Your output should be the lines from the one containing "Golden Christmas Trees" through the last line below, both ends included, exactly as written and free of pictures.
Start of Task inputs
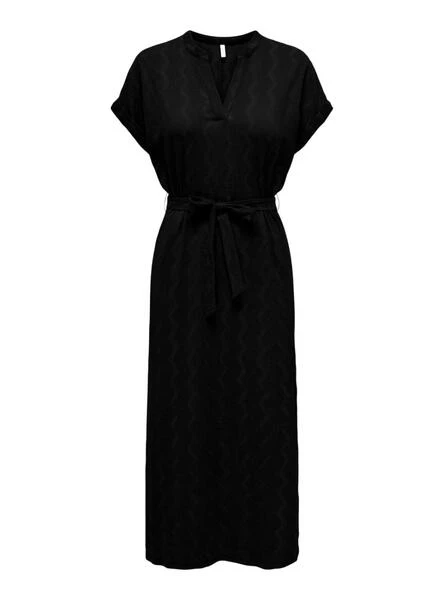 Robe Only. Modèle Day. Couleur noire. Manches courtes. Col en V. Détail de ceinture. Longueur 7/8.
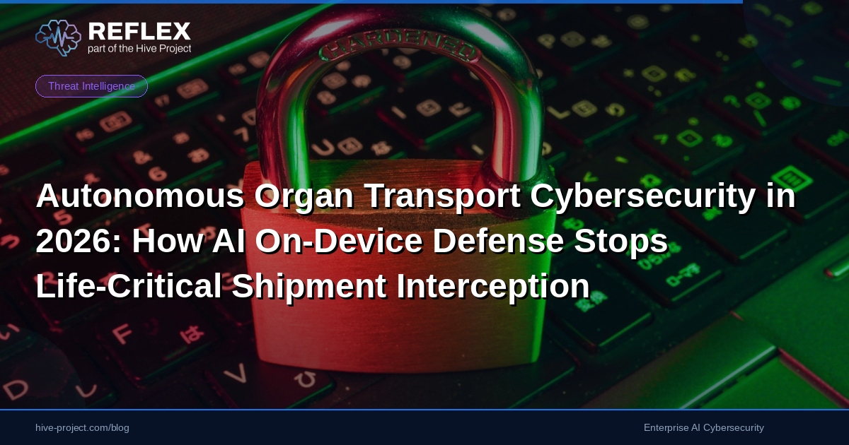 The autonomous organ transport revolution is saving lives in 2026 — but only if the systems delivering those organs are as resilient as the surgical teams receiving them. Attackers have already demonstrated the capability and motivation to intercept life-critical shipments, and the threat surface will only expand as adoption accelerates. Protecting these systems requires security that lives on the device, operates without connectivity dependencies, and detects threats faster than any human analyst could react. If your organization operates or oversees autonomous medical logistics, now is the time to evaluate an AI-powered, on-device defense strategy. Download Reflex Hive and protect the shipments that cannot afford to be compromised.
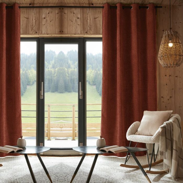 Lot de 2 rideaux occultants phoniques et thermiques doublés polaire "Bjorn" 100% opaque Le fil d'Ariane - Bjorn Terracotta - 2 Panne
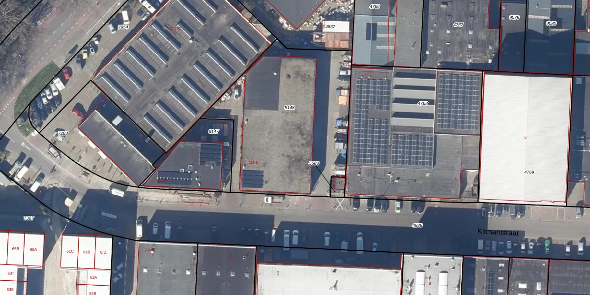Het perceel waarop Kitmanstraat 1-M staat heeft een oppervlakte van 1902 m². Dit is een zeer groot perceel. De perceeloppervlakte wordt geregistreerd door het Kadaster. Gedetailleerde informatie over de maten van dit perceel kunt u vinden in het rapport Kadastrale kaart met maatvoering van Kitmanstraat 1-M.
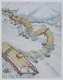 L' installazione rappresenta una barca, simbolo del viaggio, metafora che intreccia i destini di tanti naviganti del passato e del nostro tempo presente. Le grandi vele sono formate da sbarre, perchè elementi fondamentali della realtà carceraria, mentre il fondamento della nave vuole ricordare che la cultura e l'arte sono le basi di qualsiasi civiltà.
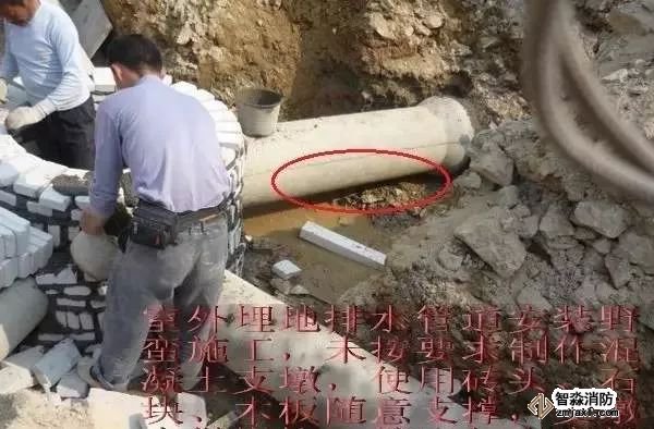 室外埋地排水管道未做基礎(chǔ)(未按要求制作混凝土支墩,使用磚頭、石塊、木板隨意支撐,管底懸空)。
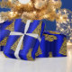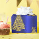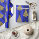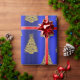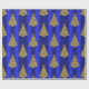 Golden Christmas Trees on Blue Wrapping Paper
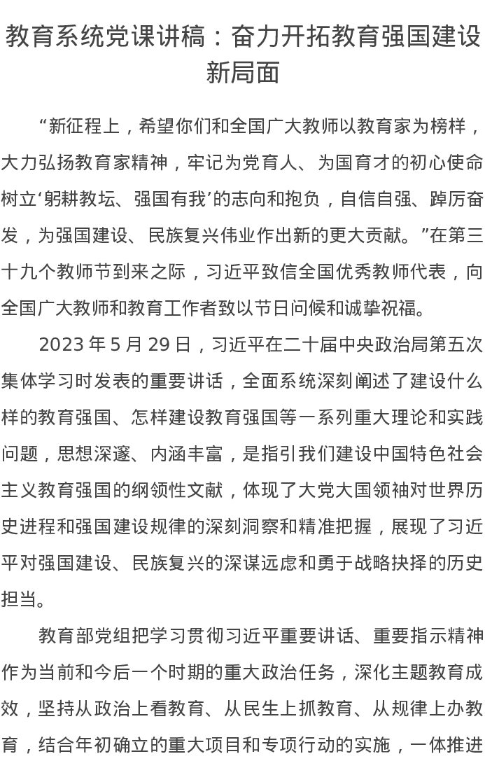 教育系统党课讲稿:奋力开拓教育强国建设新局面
End of Task inputs
* Task output:
 Golden Christmas Trees on Blue Wrapping Paper
 教育系统党课讲稿:奋力开拓教育强国建设新局面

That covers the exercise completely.